*** Opening of Extracted data ***
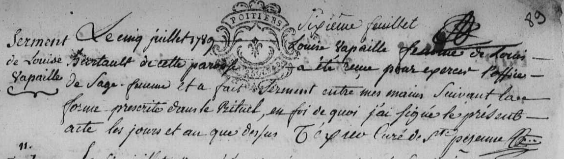 Louise se marie le 3 juillet 1780, elle a 30 ans et épouse Louis Hurtault, un veuf de 16 ans son ainé. Ensemble ils ont au moins une fille, Louise Catherine, qui nait en 1783. Et c’est dans cette même paroisse, devant le curé Texier, qu’elle prête serment de sage-femme le 5 juillet 1789, à l’âge de 39 ans.
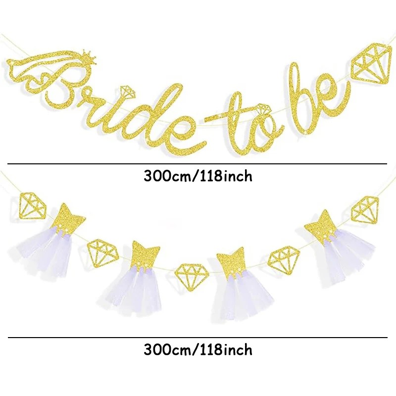 Cette bannière en papier scintillante avec l'inscription Bride To Be est une décoration marquante pour un enterrement de vie de jeune fille ou une célébration de mariage. L'inscription „Bride To Be“ signifie „Future mariée“ et met magnifiquement en valeur le rôle principal de la personne célébrée. La guirlande comprend également des éléments décoratifs en forme de diamants et de robes, qui apportent une touche délicate et festive à l'ensemble de la décoration. L'effet scintillant argenté brille magnifiquement à la lumière et apparaît élégamment sur les photos.
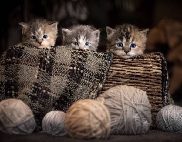 Trois adorables chatons dans un panier sur papier peint. De belles couleurs chaudes et au premier plan des boules de laine avec lesquelles les chatons peuvent jouer.
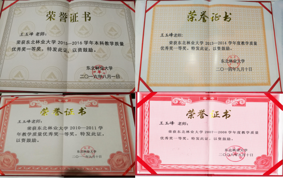二、2008,2011,2014,2016东北林业大学教学质量一等奖
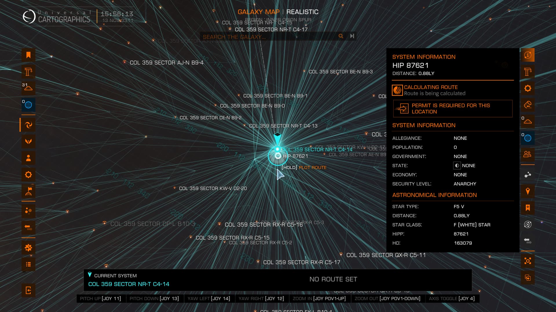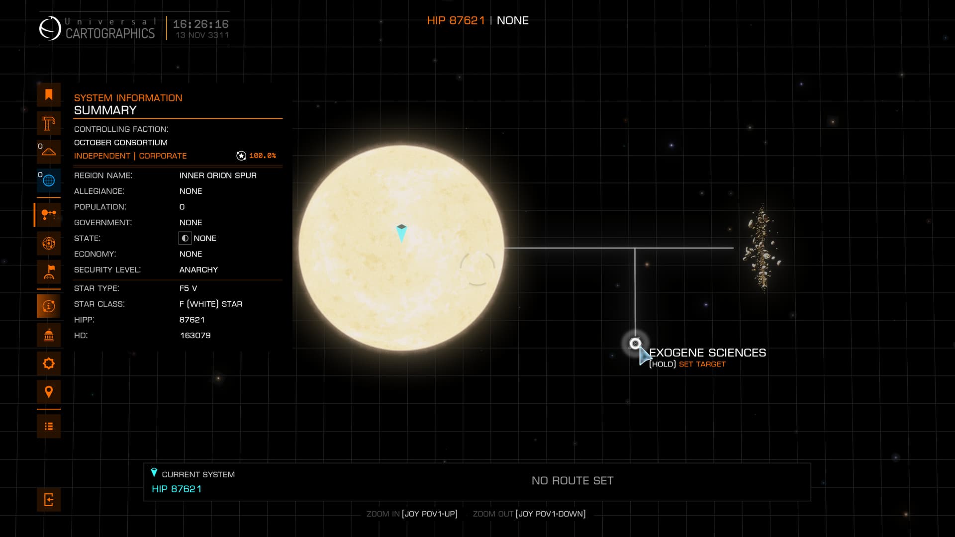 FYI: I’ve jumped Fei Lo to a star about 50 LYs from HIP 98621 just so I can have a look around there tomorrow.
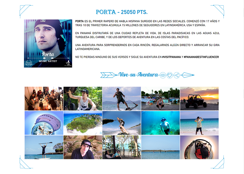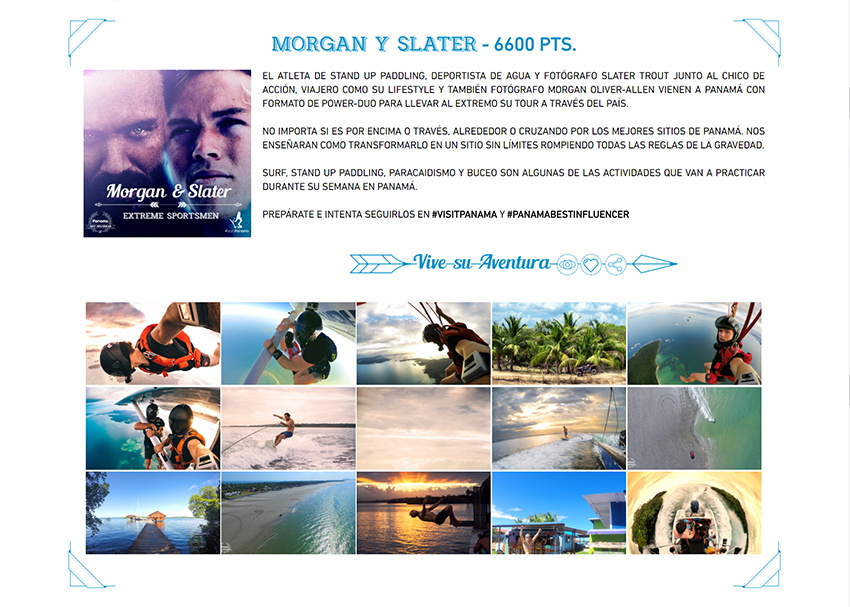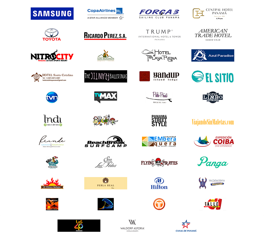 Samsung Latinoamérica, Copa Airlines, Ricardo Pérez, S.A. – Toyota, Waldorf Astoria Panama, Yandup Island Lodge, Canal de Panamá, El Sitio de playa venao, Isla Cañas Marina, Beach Break Surf Camp Playa Venao, Panga, American Trade Hotel, Sailing Club Panama, El Remanso B&B and Vacation Rentals, Sea las Perlas, Central Hotel Panamá, Nitro City Panama, Riande Granada Urban Hotel, Azul Paradise, Trump Panama Hotel, Hilton Panama, Tantalo Hotel Kitchen Rooftop, Bocart Restaurant, Casa Nolita, Los Cuarenta Principales, Calle 7 Panamá, Telemetro, TVMAX Panamá, TVN Panama
*** Close of Extracted data ***
**About this exercise**: Go from the first line of the listing to the line holding "FYI: I’ve jumped" and, please, transcribe those lines exactly, both included, with no pictures.

**The completed task**:
 Louise se marie le 3 juillet 1780, elle a 30 ans et épouse Louis Hurtault, un veuf de 16 ans son ainé. Ensemble ils ont au moins une fille, Louise Catherine, qui nait en 1783. Et c’est dans cette même paroisse, devant le curé Texier, qu’elle prête serment de sage-femme le 5 juillet 1789, à l’âge de 39 ans.
 Cette bannière en papier scintillante avec l'inscription Bride To Be est une décoration marquante pour un enterrement de vie de jeune fille ou une célébration de mariage. L'inscription „Bride To Be“ signifie „Future mariée“ et met magnifiquement en valeur le rôle principal de la personne célébrée. La guirlande comprend également des éléments décoratifs en forme de diamants et de robes, qui apportent une touche délicate et festive à l'ensemble de la décoration. L'effet scintillant argenté brille magnifiquement à la lumière et apparaît élégamment sur les photos.
 Trois adorables chatons dans un panier sur papier peint. De belles couleurs chaudes et au premier plan des boules de laine avec lesquelles les chatons peuvent jouer.
二、2008,2011,2014,2016东北林业大学教学质量一等奖
 FYI: I’ve jumped Fei Lo to a star about 50 LYs from HIP 98621 just so I can have a look around there tomorrow.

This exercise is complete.